1.2. Speech Correlates of Forensic Speaker 

Identification: There are several segmental and 
suprasegmental features of speech that assist in speaker 
identification. 

1.3. Segmental Features 

These include the analysis of vowel and consonant sounds. 
A thorough perceptual and acoustic analysis of consonants 
and vowels can aid in speaker identification. Vowels are 
produced with a continuous airflow through the vocal tract 
which makes them predominantly voiced. On the other 
hand, consonants are produced by causing obstruction to 
the air flow and include both voiced and voiceless sounds. 
The feature of voicing is the result of the vibration of the 
vocal folds. Vowels play a significant role in the process of 
forensic speaker identification, because their acoustical 
properties are relatively strong and easy to quantify or 
measure. Rose [5] points out that “vowels are prominent 
not only because they last longer, have greater duration 
than consonants but also because of their relatively well- 
defined acoustic structure. The acoustic properties of 
vowels show the imprint of the vocal tract through which 
they have been produced.” Apart from this, vowel quality 
also plays a major role in identifying the accent of a 
speaker. Accent is an important feature in identifying a 
person’s dialect. On establishing the dialect of the speaker, 
it is easy to profile him/her to a specific social group and 
geographical area. 

1.4. Suprasegmental Features 

Suprasegmental features include stress, tone, intonation, 
pitch, etc. While stress is the relative prominence of 
syllables within a word; tone is the use of different pitch 
shapes to signal word identity; whereas. Intonation is the 
use of pitch contour on longer utterances [5], All these 
suprasegmental features are primarily monitored by pitch. 
Since Pitch, the perceptual correlate of Fundamental 
Frequency (FO), is a quasi-permanent feature of an 
individual’s speech and is also easy to extract from 
connected speech, it plays a major role in the forensic 
speaker identification. 

Fundamental frequency (FO) is the number of vocal fold 
vibrations per second. Fundamental frequency 
predominantly depends upon the mass, length and tension 
of the vocal folds. FO can be effectively extracted through 
sustained vowels. Hence, most of the research on FO has 
been carried out on sustained vowels. Nolan [1] observes 


that measures associated with FO have shown to be among 
the more successful in speaker recognition. In addition, 
Rose [5] points out that FO is robust and can be extracted 
very easily from the recordings of a poor quality. However, 
he cautioned against the indiscriminate use of FO through 
several factors which affect within-speaker variation in FO. 
Based on Braun’s [6] views, Rose [5] categorized the 
factors as physical (race, age, smoking and intoxication), 
psychological (emotional state) and technical factors 
(sample size and tape speed). Besides these factors, other 
situational factors like background noise also have a 
bearing on the changes in FO patterns. 

Speaking Fundamental Frequency (SFF), which is a long¬ 
term average of fundamental frequency, is identified as a 
better parameter compared to the ‘Fundamental Frequency’ 
in the speaker identification process. Nolan [1] expounded 
that the average SFF plays a major role in the speaker 
identification process. The same view has been echoed by 
Hollien [7] who says that the SFF is one of the primary 
features of speech which aids in the process of speaker 
recognition. Here the focus is laid on the mean pitch values 
of spoken form. It is common knowledge that no person 
speaks with a monotonous pitch. The pitch patterns vary 
depending upon the vibrations of the vocal folds. During 
speech, the vocal folds vibrate in different patterns and 
produce different ranges of frequencies, sometimes lower 
and sometimes higher. Hence, in conversational or 
connected speech, SFF plays a major role than FO as it 
indicates the central tendency of one’s pitch in speech. 

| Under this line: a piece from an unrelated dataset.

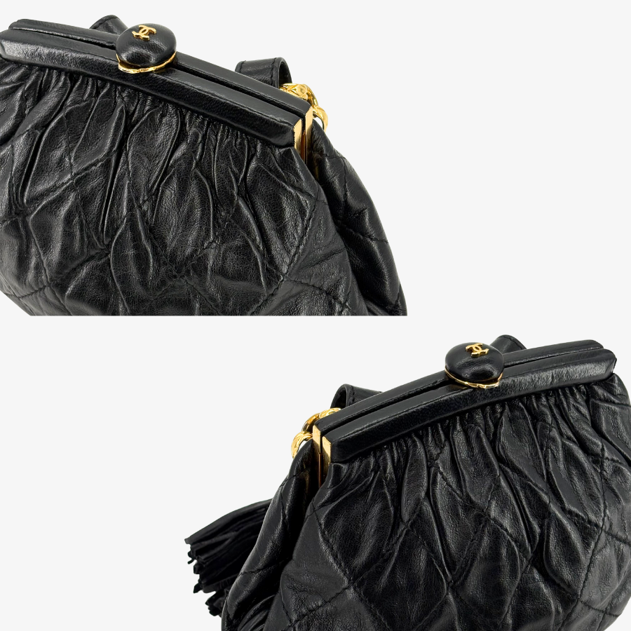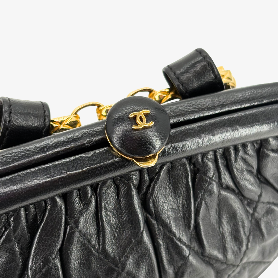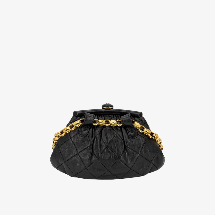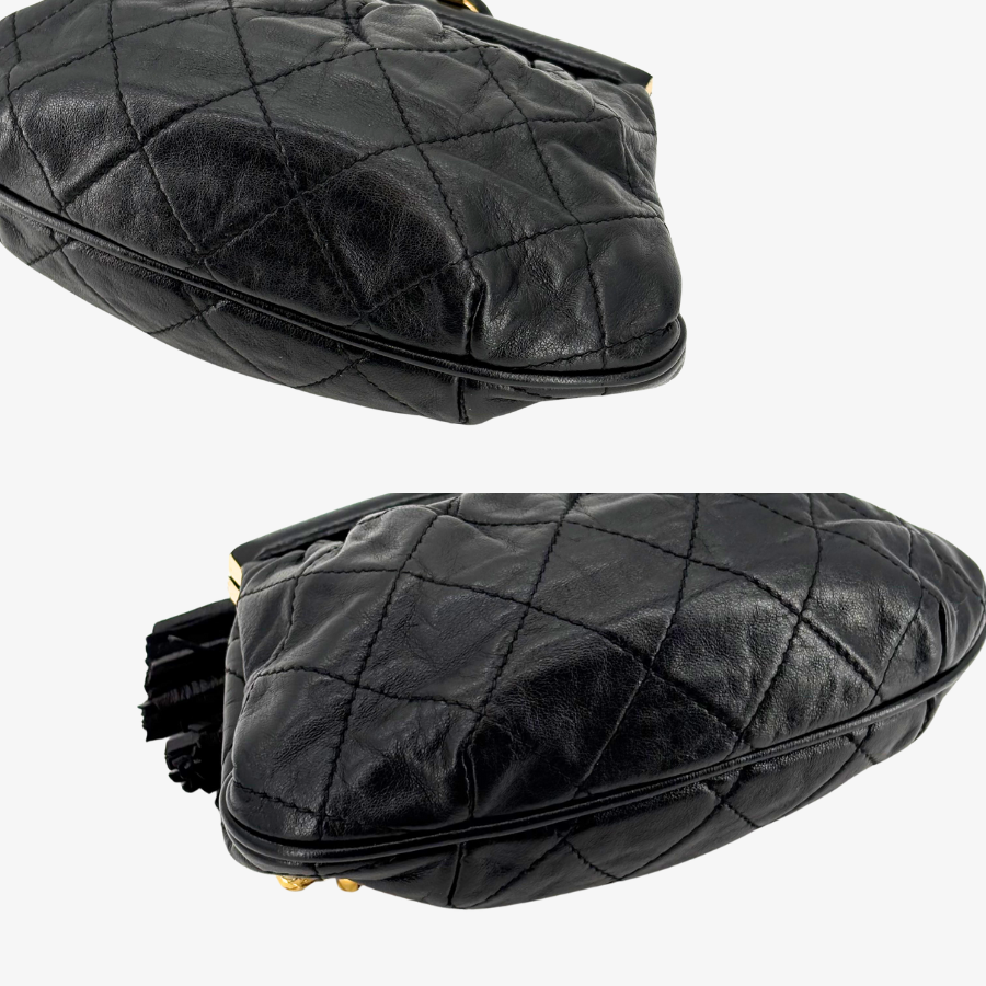 JZ516 - CHANEL Vintage Black Lambskin Gold Chain Waist Pouch Clasp Bag

Apart from segmental and suprasegmental features, aspects 
like Voice Quality, Tempo, Vocal Intensity and General 
Speech also assist the investigator in the process of speaker 
identification. ‘Voice Quality’ refers to the uniqueness of 
an individual’s voice. Just as two types of musical 
instruments sound differently though the same note is 
played with the same intensity, likewise, two speakers may 
resemble each other (as in the case of twins), yet their 
voice quality may be different. In addition, the ‘Tempo’ of 
speech also aids in the speaker identification process. A 
person can fairly be identified by how slow or fast and how 
smooth or choppy his/her speech is. On the other hand, 
‘Vocal Intensity’ is contributed by the sub-glottal air 
pressure that is exerted when a person speaks. Intensity 
varies depending upon the distance between the speaker 
and the microphone; therefore, it is difficult to assess the 
speaker by his or her vocal intensity alone. In addition, 
several features of ‘General Speech’ like, dialect, 
idiosyncratic pronunciation and language patterns, the 
unusual use of linguistic stress and speech impediments 
also play a major role in the process of speaker 
identification.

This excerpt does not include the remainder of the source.